Graph-Jigsaw Conditioned Diffusion Model for Skeleton-based Video Anomaly Detection
Ali Karami, Thi Kieu Khanh Ho, Narges Armanfard
TL;DR
The paper tackles skeleton-based video anomaly detection (SVAD) by addressing three core challenges: capturing spatio-temporal dependencies among joints, recognizing region-specific discrepancies in motion, and accounting for the infinite variation of human actions. It introduces GiCiSAD, a lightweight framework consisting of a Graph Attention-Based Forecasting module, a Graph-level Jigsaw Puzzle Maker for self-supervised region-level discrimination, and a Graph-based Conditional Diffusion Model to generate diverse future motions conditioned on past frames. The method achieves state-of-the-art AUROC on four benchmark SVAD datasets while using up to 40% fewer parameters than prior unsupervised approaches, highlighting both effectiveness and efficiency. By combining dynamic graph learning, challenging graph-level self-supervision, and diffusion-based diverse generation, GiCiSAD robustly detects anomalies across varied motions and regions, with practical potential for real-time surveillance applications.
Abstract
Skeleton-based video anomaly detection (SVAD) is a crucial task in computer vision. Accurately identifying abnormal patterns or events enables operators to promptly detect suspicious activities, thereby enhancing safety.
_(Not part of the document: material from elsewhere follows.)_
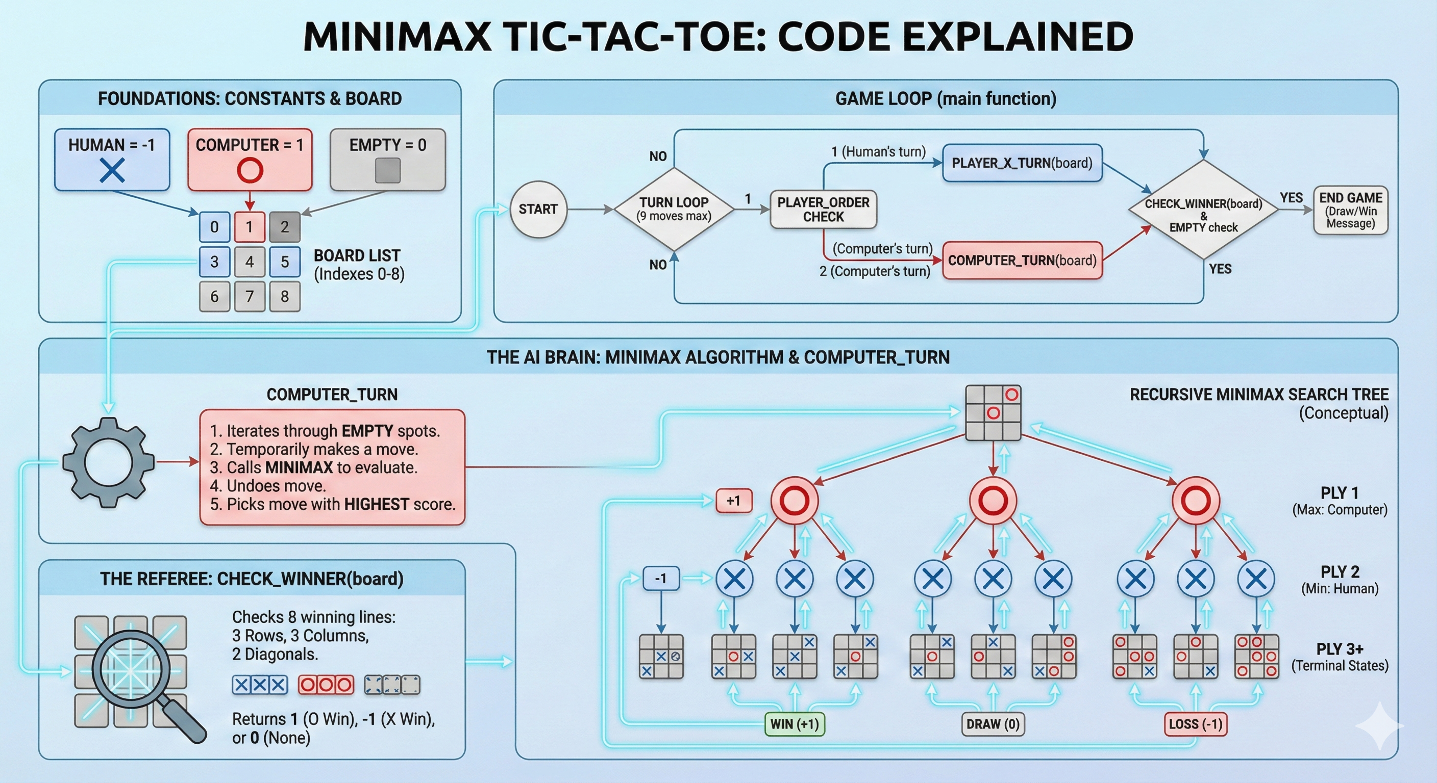 -1 if Human (X) wins

Achieving this demands a comprehensive understanding of human motions, both at body and region levels, while also accounting for the wide variations of performing a single action. However, existing studies fail to simultaneously address these crucial properties. This paper introduces a novel, practical and lightweight framework, namely Graph-Jigsaw Conditioned Diffusion Model for Skeleton-based Video Anomaly Detection (GiCiSAD) to overcome the challenges associated with SVAD. GiCiSAD consists of three novel modules: the Graph Attention-based Forecasting module to capture the spatio-temporal dependencies inherent in the data, the Graph-level Jigsaw Puzzle Maker module to distinguish subtle region-level discrepancies between normal and abnormal motions, and the Graph-based Conditional Diffusion model to generate a wide spectrum of human motions. Extensive experiments on four widely used skeleton-based video datasets show that GiCiSAD outperforms existing methods with significantly fewer training parameters, establishing it as the new state-of-the-art.